皮亚克站在船头看着,像在看一群送死的羔羊。
“火枪队准备。”
战船靠岸。
帝国士兵端着燧发枪,一排排跳下船。
队列整齐,枪口朝前。
等印尼国的援军冲到近前。
“齐射。”
砰——砰——砰——!
密集的枪声连成一片。
冲在最前面的士兵像被割草一样倒下。
胸口炸开血花。
后面的人还没反应过来。
第二排齐射。
第三排。
一排接一排。
人一片片倒。
尸体堆成小山。
主将当场被打中,惨叫一声摔下马。
剩下的士兵彻底吓破胆。
他们从来没见过这种能瞬间杀人的铁管。
恐惧像瘟疫一样蔓延全身。
腿软。
手抖。
武器掉在地上。
所有人转身狂奔。
没有人再敢回头。
帝国士兵稳步推进。
火枪齐射。
火炮轰击。
港口、码头、外围街区,一路碾压。
印尼国的军队没有任何还手之力。
他们的刀枪还没碰到敌人,就已经死光。
他们的勇气,在火炮和火枪面前,一文不值。
短短半个时辰。
港口沦陷。
守军全军覆没。
沙滩、街道、房屋,到处都是尸体、鲜血、破碎的兵器、燃烧的木屋。
海风吹来,全是血腥味和硝烟味。
皮亚克踩着沙滩上岸。
靴子踩在血水里,发出轻微的声响。
他看都没看满地尸体。
只是抬头望向这座海滨小城,眼神平静,没有一丝波澜。
落后的文明,就该被征服。
他抬手,指向城门。
“进城。
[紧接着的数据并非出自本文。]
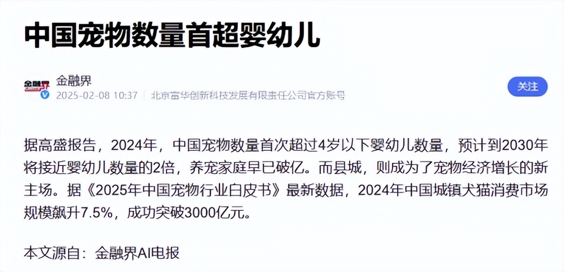 高盛公司的一份报告里说,在2024年,中国宠物的总数量已经超过了4岁以下小孩的数量,他们还估计,到2030年,宠物的数量会是小孩的两倍。
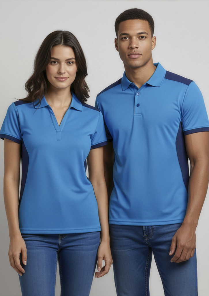 Fabric:– 100% BIZ COOL™ Polyester Micro Interlock– 145 GSM– UPF 50+Features:– Bold contrast panel design– Self fabric collar and contrast sleeve cuff– Ladies style features Y-line placket– Mens style includes loose pocket

”
“占领这里。”
“竖起帝国旗帜。”
士兵们欢呼一声,端着火枪冲了上去。
城门被火炮轰开。
印尼国的第一个港口,彻底落入神圣帝国手中。
……
接下来的几天,南洋印尼国,彻底成了人间炼狱。
皮亚克的军队,一上岸就没打算留手。
火枪上膛,火炮架稳,整队整队往内陆推。
村庄、集镇、小城,一路碾过去。
男人反抗,当场射杀。
女人哭喊,被士兵拖拽。
粮仓、金银、香料、绸缎,凡是值钱的,全都搬上船。
房子不顺眼,一把火烧掉。
浓烟从海岸往内陆飘,几天几夜不散。
百姓吓得躲进屋里,不敢出声。
屋外全是听不懂的咆哮、脚步声、枪声、哭喊声。
有人从门缝往外看一眼,只看见到处是火,到处是血,金发碧眼的士兵像恶鬼一样横行。
“那是什么兵啊……”
“手里拿的是什么妖物?一响就死人!”
“跑啊,快跑!”
可往哪里跑。
四面八方都是枪声。
印尼国的国王在王宫里听得心惊肉跳。
战报一封接一封送进来,全是败报。
港口丢了。
县城丢了。
守军一触即溃。
国王脸色惨白,拍着桌子大吼:
“抵抗!全都给我抵抗!不许退!把这些敌人赶出去!”
传令兵飞奔出城。
军队被逼着往前线调。
一队一队的士兵,拿着长刀、长矛、弓箭,匆匆往城外赶。
路上挤满了人,脚步杂乱,盔甲不齐,很多人连像样的武器都没有。
百姓站在路边看着,有人忍不住叹气。
“抵抗有什么用啊……”
“咱们的刀还没碰到人家,就被那铁管子打死一片。”
“国王只知道喊抵抗,他知道敌人有多吓人吗?”
“这仗,根本没法打啊……”
抱怨归抱怨,没人敢大声说。
军队还是被驱赶到了前线。
可一接战,立刻原形毕露。
印尼士兵呐喊着冲上去。
迎接他们的不是对砍,不是厮杀。
是一排齐射的火枪。
砰——砰——砰——
前排士兵成片倒下,血花溅在后面人的脸上。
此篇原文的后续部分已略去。